Loin d’être un événement à redouter, cette étape marque souvent le début de l’autonomie progressive de l’enfant, tout en renforçant la confiance de chacun. La clé ? Accompagner la séparation sans précipitation, dans le respect du rythme de bébé… et celui des parents !
Pourquoi les premières séparations peuvent être difficiles ?
Dans les premiers mois, bébé ne fait pas de distinction entre sa propre personne et celle de ses figures d’attachement. Vers 8-10 mois, il traverse une phase dite de l’angoisse de séparation : il comprend que la personne qui prend soin de lui peut partir… mais ne sait pas encore qu’elle reviendra toujours. D’où des pleurs, des réactions vives, et parfois une appréhension chez les parents de voir leur enfant en détresse. C’est une étape tout à fait normale du développement, qui mérite d’être accompagnée sans dramatiser.
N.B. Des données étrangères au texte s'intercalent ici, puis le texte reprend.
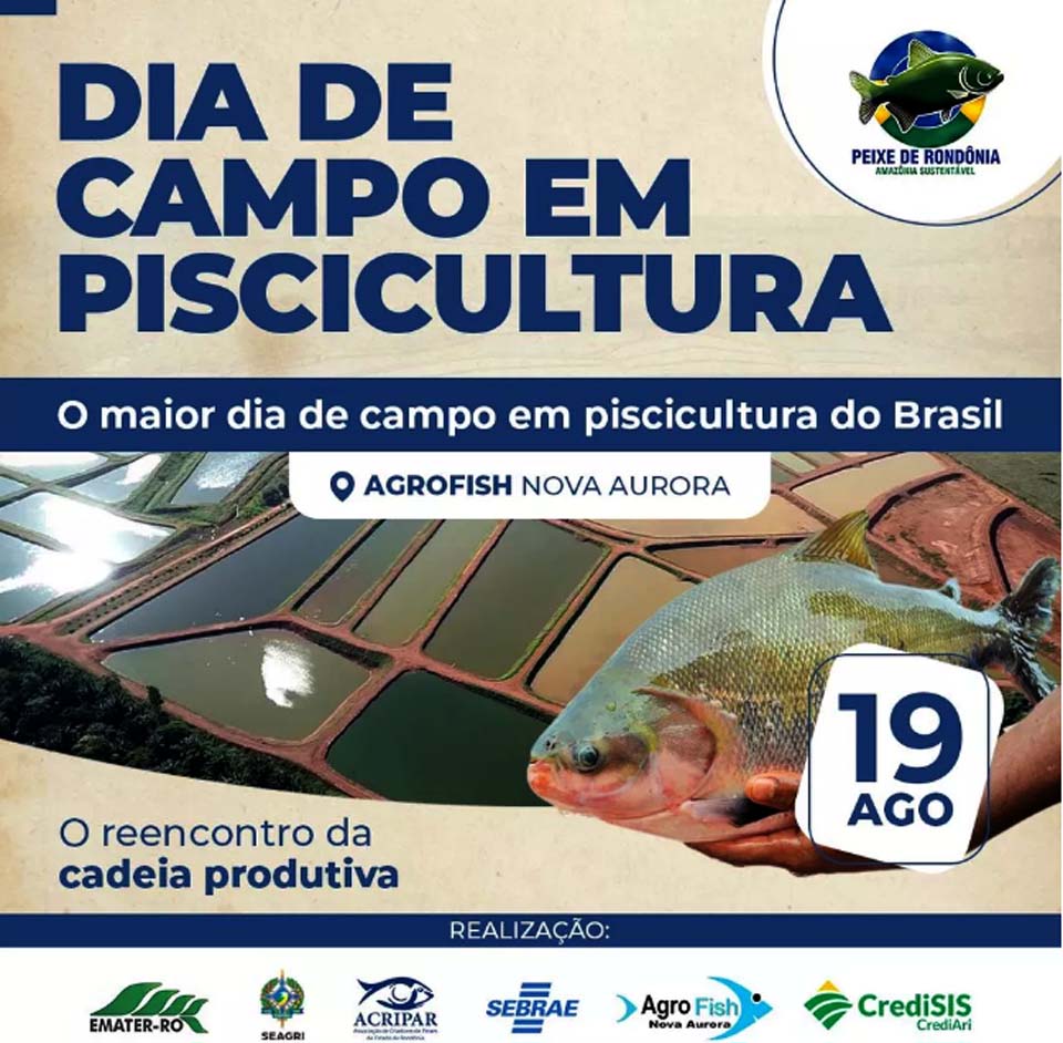 Cerca de 600 pessoas são esperadas para participar do ‘Dia de Campo em PIsicultura‘ que acontecerá em Theobroma (RO), no dia 19 de agosto, das 8h às 16h. O evento está programado para acontecer em uma fazenda, dedicada a produção de peixes.
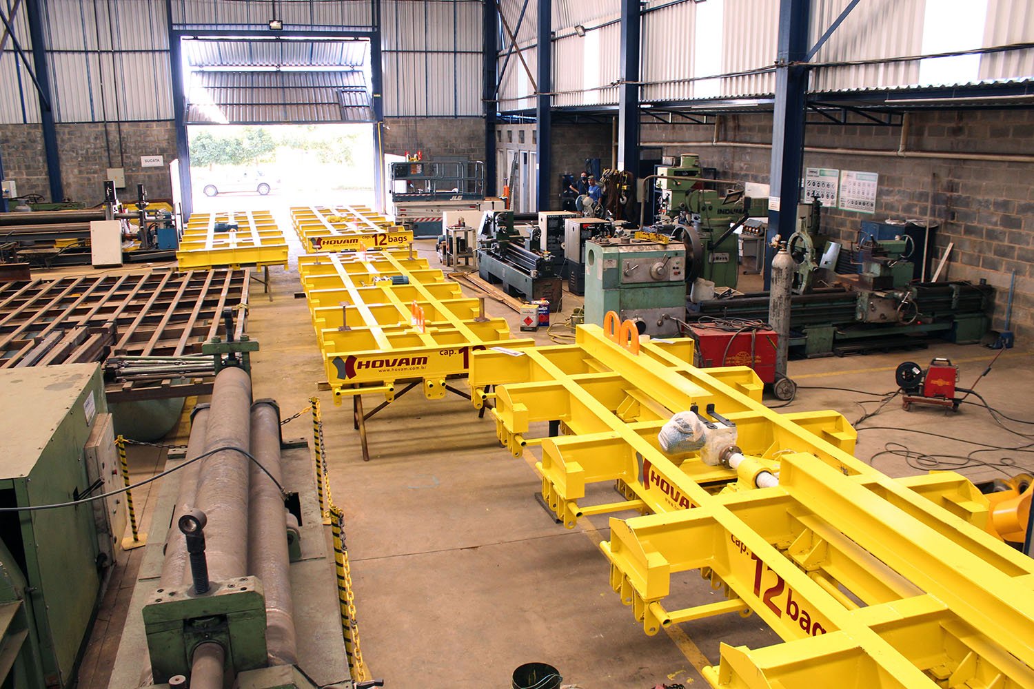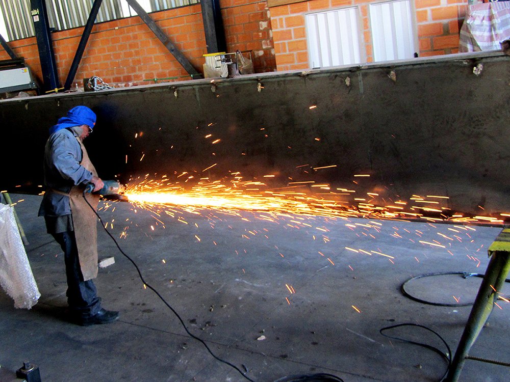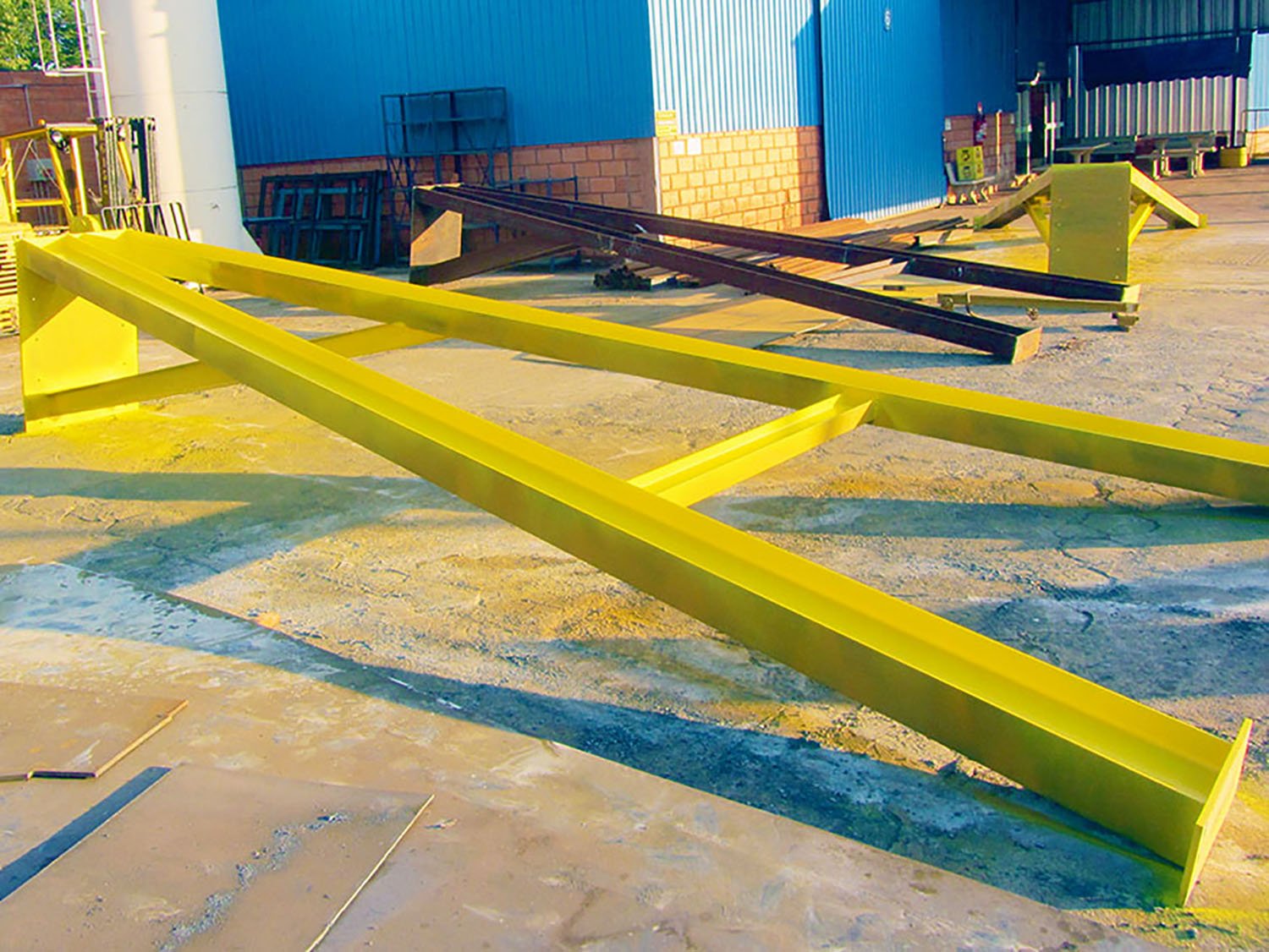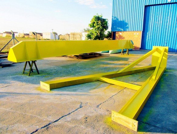 Depois de separar todos os itens que serão utilizados no projeto, a produção começa com a soldagem, corte das vigas e chapas de aço. O acabamento é feito nos mínimos detalhes e assim, liberamos para a pintura. Realizada com tinta amarela de segurança, feita com revólver de modo industrial.

Pour les parents, la difficulté vient souvent du sentiment de lâcher prise, d’avoir peur qu’on ne saura pas répondre aux besoins de bébé aussi bien qu’eux, ou de la culpabilité à l’idée de « laisser » son enfant.
Bien préparer la séparation : l’art de l’anticipation
- Parlez-en progressivement à bébé dès qu’il commence à comprendre le sens des mots : évoquez les lieux, les personnes qui seront là, le temps de séparation (« Je reviens après la sieste », « Tu vas t’amuser avec Mamie pendant que je travaille »…).
- Familiarisez-le avec son lieu d’accueil grâce à des visites courtes, en restant d’abord avec lui, puis en sortant quelques minutes.
- Dotez-le d’un « objet transitionnel » (le fameux doudou, lange porté dans votre décolleté, petit jouet familier) porteur de votre odeur ou d’un souvenir rassurant.
- Impliquez la personne relais : confiez-lui les rituels de bébé (chanson du soir, tétine spéciale, habitudes alimentaires). Plus l’environnement sera familier, plus la séparation sera douce.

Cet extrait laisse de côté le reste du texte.